● **YOUR GOAL**: From the entries below, reproduce exactly the lines from the one with "El área de Vigilancia" through the one with "(本网讯)在举国上下欢庆新中", both included, without images.
DATA TO USE below:
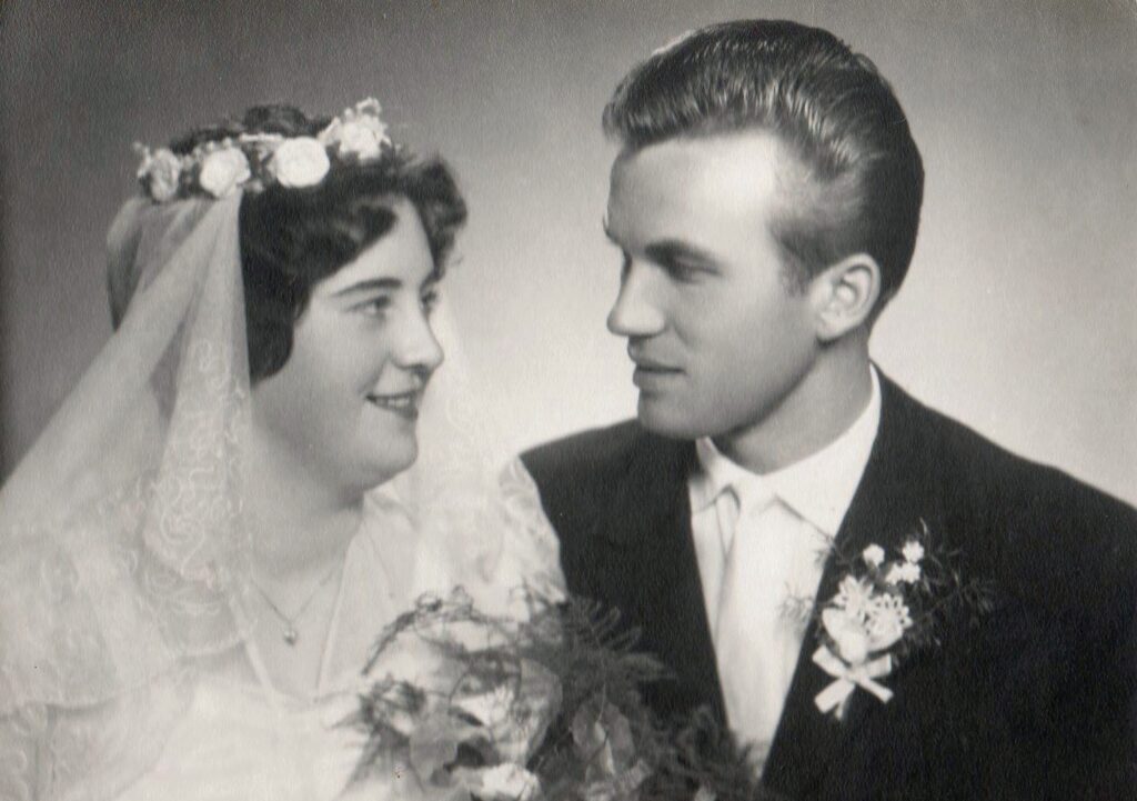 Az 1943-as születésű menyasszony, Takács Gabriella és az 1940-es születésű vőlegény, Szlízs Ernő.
End of DATA TO USE.
DATA TO USE below:
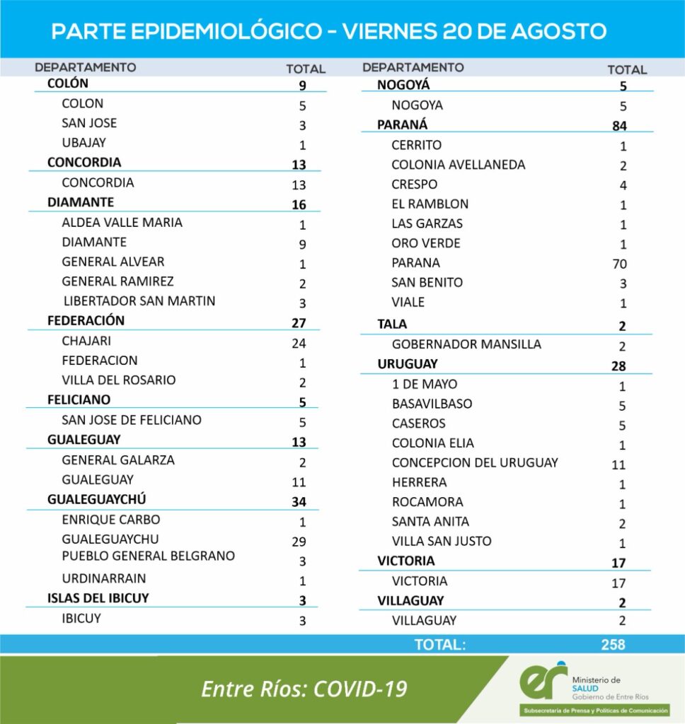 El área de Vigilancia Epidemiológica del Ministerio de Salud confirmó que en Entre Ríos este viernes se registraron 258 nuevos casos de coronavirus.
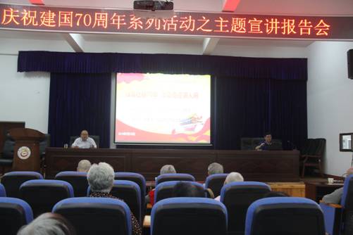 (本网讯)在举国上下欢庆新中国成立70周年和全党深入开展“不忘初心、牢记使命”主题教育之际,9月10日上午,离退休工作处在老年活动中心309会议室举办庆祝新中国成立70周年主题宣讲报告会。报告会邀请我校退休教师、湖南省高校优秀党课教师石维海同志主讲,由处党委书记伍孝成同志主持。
End of DATA TO USE.
● **TASK ANSWER**:
 El área de Vigilancia Epidemiológica del Ministerio de Salud confirmó que en Entre Ríos este viernes se registraron 258 nuevos casos de coronavirus.
 (本网讯)在举国上下欢庆新中国成立70周年和全党深入开展“不忘初心、牢记使命”主题教育之际,9月10日上午,离退休工作处在老年活动中心309会议室举办庆祝新中国成立70周年主题宣讲报告会。报告会邀请我校退休教师、湖南省高校优秀党课教师石维海同志主讲,由处党委书记伍孝成同志主持。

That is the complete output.